Ardea Biosciences, a wholly owned subsidiary of AstraZeneca, is headquartered in San Diego, CA.  We are a biotechnology company focused on the development of small-molecule therapeutics for the treatment of serious diseases.  

Ardea is searching for a Sr. Clinical Trial Mateiral Associate to join the team.

The Senior Clinical Trial Material Associate will manage Clinical Trial Material (CTM) projects including cGMP document review, clinical study drug management and other general activities including but not limited to duties in the following functional areas; study drug shipment planning, shipment and tracking, inventory management, retest update tracking, drug reconciliation, billing/invoice support and assisting with the maintenance of the company Electronic Document Management System (EDMS) as well as the drug supply IXRS as it pertains to CTM delivery and documentation. For projects assigned, Sr. CTM Associate shall be responsible to manage drug supply chain activities as directed by the lead of Pharmaceutical Sciences for that project and in accordance with Ardea SOPs, Regulatory regulations/guidelines and project requirements. The Sr. CTM Associate is given increased responsibilities to lead specific activities and can resolve issues, make decisions, and escalate issues appropriately.
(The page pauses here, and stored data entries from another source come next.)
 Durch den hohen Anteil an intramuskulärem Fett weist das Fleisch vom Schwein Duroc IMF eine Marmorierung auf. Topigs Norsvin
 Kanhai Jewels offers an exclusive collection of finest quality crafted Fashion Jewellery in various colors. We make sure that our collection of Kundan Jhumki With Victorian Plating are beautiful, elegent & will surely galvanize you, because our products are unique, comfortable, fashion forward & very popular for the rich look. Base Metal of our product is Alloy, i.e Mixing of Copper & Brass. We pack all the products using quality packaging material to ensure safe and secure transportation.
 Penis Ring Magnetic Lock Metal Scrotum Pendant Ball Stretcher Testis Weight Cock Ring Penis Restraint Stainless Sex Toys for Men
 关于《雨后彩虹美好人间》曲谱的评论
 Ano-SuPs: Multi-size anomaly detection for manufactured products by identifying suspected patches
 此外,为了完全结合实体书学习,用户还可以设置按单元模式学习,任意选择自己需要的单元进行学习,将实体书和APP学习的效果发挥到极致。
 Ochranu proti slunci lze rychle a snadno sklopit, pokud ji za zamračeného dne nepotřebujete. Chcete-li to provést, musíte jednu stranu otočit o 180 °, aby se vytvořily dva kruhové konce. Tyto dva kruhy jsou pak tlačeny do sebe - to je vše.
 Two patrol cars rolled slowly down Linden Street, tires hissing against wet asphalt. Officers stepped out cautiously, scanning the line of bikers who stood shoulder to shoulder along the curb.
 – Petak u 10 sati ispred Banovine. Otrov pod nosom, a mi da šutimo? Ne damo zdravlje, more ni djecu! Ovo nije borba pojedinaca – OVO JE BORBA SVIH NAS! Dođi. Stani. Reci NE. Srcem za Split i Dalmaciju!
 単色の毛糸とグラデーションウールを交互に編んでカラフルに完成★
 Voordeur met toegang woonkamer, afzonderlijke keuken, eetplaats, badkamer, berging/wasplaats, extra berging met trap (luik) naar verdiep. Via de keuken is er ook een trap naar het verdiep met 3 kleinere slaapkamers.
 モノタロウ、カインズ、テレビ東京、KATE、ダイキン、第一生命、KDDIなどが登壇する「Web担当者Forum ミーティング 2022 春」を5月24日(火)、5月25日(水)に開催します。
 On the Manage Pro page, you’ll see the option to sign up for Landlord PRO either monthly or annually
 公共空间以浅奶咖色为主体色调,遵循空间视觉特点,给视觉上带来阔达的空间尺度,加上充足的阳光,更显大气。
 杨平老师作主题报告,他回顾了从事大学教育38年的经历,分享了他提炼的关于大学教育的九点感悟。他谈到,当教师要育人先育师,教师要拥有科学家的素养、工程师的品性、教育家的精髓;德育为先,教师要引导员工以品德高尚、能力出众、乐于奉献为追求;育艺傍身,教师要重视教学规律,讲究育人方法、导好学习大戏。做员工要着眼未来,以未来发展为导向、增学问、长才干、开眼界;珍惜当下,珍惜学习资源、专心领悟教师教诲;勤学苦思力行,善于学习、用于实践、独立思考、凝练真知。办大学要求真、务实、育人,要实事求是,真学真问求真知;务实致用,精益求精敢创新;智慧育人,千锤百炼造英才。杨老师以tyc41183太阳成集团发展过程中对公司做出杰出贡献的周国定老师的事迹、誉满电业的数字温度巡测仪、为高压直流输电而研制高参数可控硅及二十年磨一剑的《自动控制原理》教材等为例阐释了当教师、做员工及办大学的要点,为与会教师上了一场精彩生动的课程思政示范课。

Primary Duties and Responsibilities

Function as a leader in the creation, maintenance and coordination of full drug reconciliation process including review and approval of drug reconciliation records across clinical studies working directly with functional representatives (Clinical, Quality Assurance, etc.) as needed.
Assist in the technical review of clinical trial material documents; manage logging and archiving of CTM packaging records into document tracking system, First Point and any Quality Assurance (QA) systems as appropriate.
Track drug supply and maintain current inventory records for clinical trial material.
Track retest updating of clinical trial material.
Develop templates and SOPs that assist in the management of CTM processes.
Assist with special projects as needed.

Requirements

Bachelor’s degree in a scientific discipline.
Clinical supply chain experience or clinical study management background.
Trained on the interpretation and application of cGMP documentation guidelines.
Ability to assist with CTM activities for multiple clinical studies as necessary.
Strong attention to detail.
Strong experience in using Microsoft Office programs.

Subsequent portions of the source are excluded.